Jim Jordan's flimsy crusade against Microsoft. When House Democrats earlier this month unveiled a new package of economic interventions and tech-company meddling under the guise of antitrust law, Ohio Republican Rep. Jim Jordan decried the effort as "a marriage of big tech and big government" that would "make the situation even worse." Now, Jordan is taking the same aggressive and expansive antitrust attitude against Microsoft.
In a June 21 letter, Jordan—ranking Republican on the House Judiciary Committee—accuses Microsoft of being "out to get conservatives."
But his theory of how Microsoft is "out to get conservatives" largely rests on a few anecdotes about Microsoft-owned LinkedIn suppressing posts about Joe Biden's son Hunter, recent executive orders, or COVID-19. And the letter doesn't bother providing the actual content of posts that were supposedly unfairly removed, nor the circumstances of their removal. (Further examination reveals they're not all what they seem; one of Jordan's examples links to a post on The Volokh Conspiracy—which is hosted by Reason—explaining that while one of Stewart Baker's LinkedIn posts about Hunter Biden was removed, multiple others on the same subject were allowed. "I'm guessing that a lame algorithm is the real culprit," writes Baker.) Nor does Jordan indicate the prevalence of such so-called censorship or how it compares to LinkedIn's removal of non-conservative content. Jordan's argument is simply that Microsoft may have made a handful of content moderation decisions he doesn't like, so federal meddling is warranted.

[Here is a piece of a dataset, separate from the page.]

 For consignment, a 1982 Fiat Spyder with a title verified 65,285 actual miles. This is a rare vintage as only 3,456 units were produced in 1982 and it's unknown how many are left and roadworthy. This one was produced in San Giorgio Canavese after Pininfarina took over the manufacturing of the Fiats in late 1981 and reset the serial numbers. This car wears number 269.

Jordan also blasts Microsoft for allegedly taking "aggressive editorial control over content on its platforms" and excluding certain Bing search engine results to please China. He also complains about an opt-in feature for Microsoft Word users that will suggest "inclusive language." None of these things come remotely close to being antitrust violations (nor illegal in any other capacity).
Jordan falls into the same trap so many Republican and Democratic anti-tech zealots do these days: mistaking his personal or political desires for how companies should do business with something the federal government in a free market and First Amendment-beholden society has the right to demand.

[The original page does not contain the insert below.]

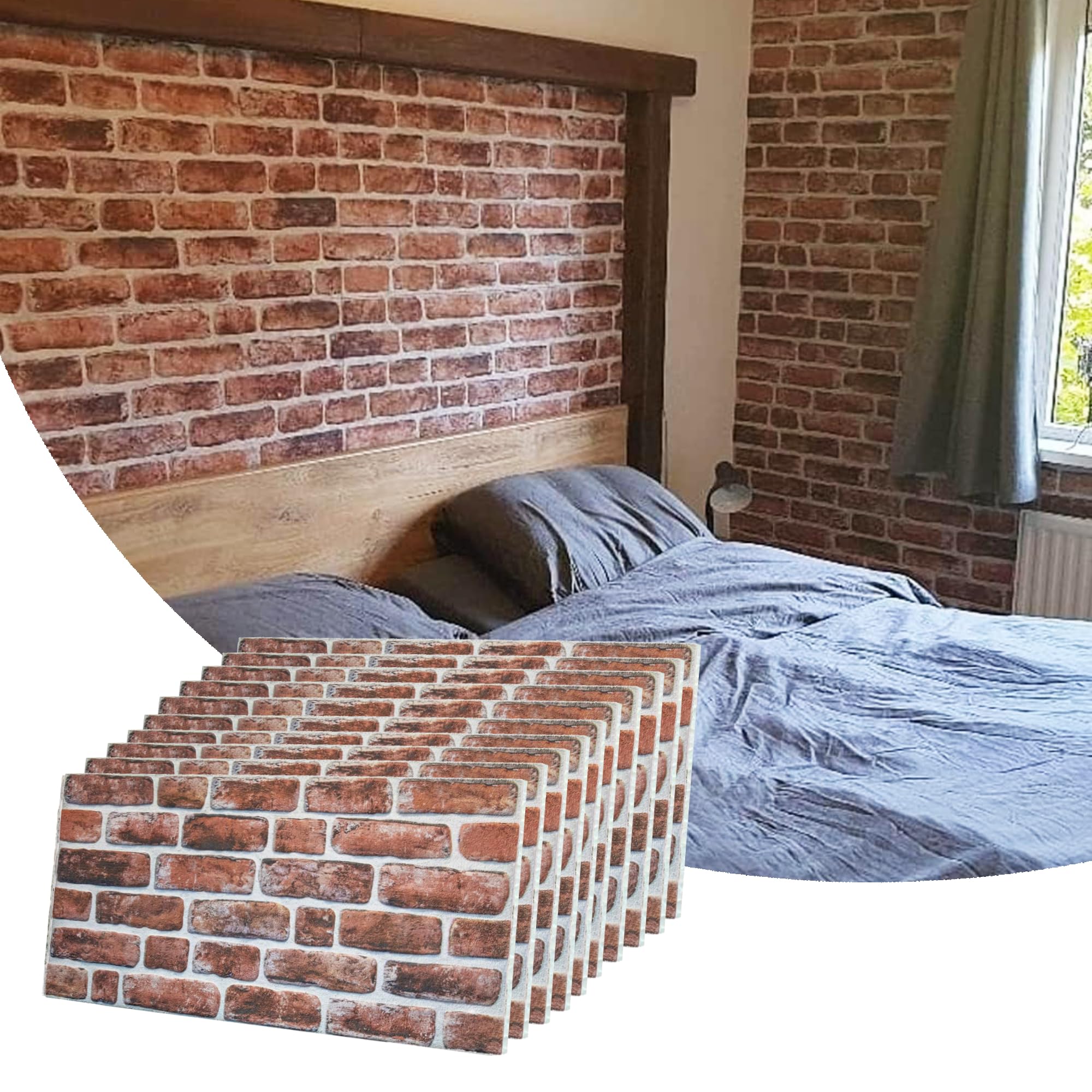 10 paneles de pared 3D de espuma de ladrillo 3D para despegar y pegar, paneles de pared de piedra sintética autoadhesivos (10 unid

Even if Microsoft was explicitly removing certain conservative content from LinkedIn, it would have nothing to do with antitrust law. Nor would the company be running afoul of the federal communications law concerning legal liability for user-generated posts. Deciding what types of content will and won't be allowed on a website is neither illegally anti-competitive behavior nor barred by Section 230 of federal communications law. In fact, it's expressly protected by Section 230. It's also shielded by the First Amendment, under which the government can't force a private company to platform any particular type of speech.

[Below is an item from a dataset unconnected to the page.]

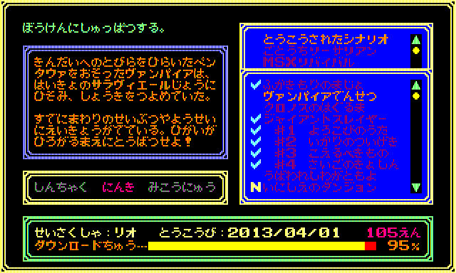 もちろん、BGMも全曲、全機種版(PC-98Beep、X1-Turbo PSG音源を含む)から選択できる。豊富な素材を組み合わせるだけで、自分だけのソーサリアン世界を自在に開発できるぞ。各種素材は、今後、素材ギャラリー「SOZAI 婆(ばあ)」でも続々追加の予定だ!

This doesn't mean folks must simply accept unfair treatment by tech companies. Consumers can stop using private platforms whose speech policies and practices they don't like. They can call for boycotts and otherwise campaign against them. Or they can campaign to get them to change their policies. What they can't do is use the government to force their hands. (See also: Masterpiece Cakeshop, which was back in court recently.)
The bottom line is Jordan's insistence that Microsoft turn over information about its content moderation and other business practices cannot be justified on antitrust grounds nor by any other reasonable measure. Federal officials don't get to just demand that private citizens or companies answer to them about their First Amendment–protected decisions.
Jordan is right about one thing, however: it is strange that Microsoft has been so absent from today's overreaching antitrust revival. Though Microsoft was the bête noire of antitrust zealots in the 1990s and early '00s—for more on how Microsoft was targeted by antitrust regulators of yore, see my recent Reason feature on the bipartisan war on big tech companies—it has largely escaped the wrath of today's crusaders against tech companies.
Back then, the company had cultural cache and rising power. Today, it's still a powerhouse but it doesn't stir culture war sentiment the same way, say, Facebook and Google do. That it's largely been exempt from recent antitrust crusades speaks more to the highly political (and performative) nature of such crusades than anything else. In a just world, however, none of the tech companies under fire would be subject to such nonsense. Instead, Jordan seems eager to even the playing field by putting Microsoft under the same unwarranted political persecution as some of its competitors.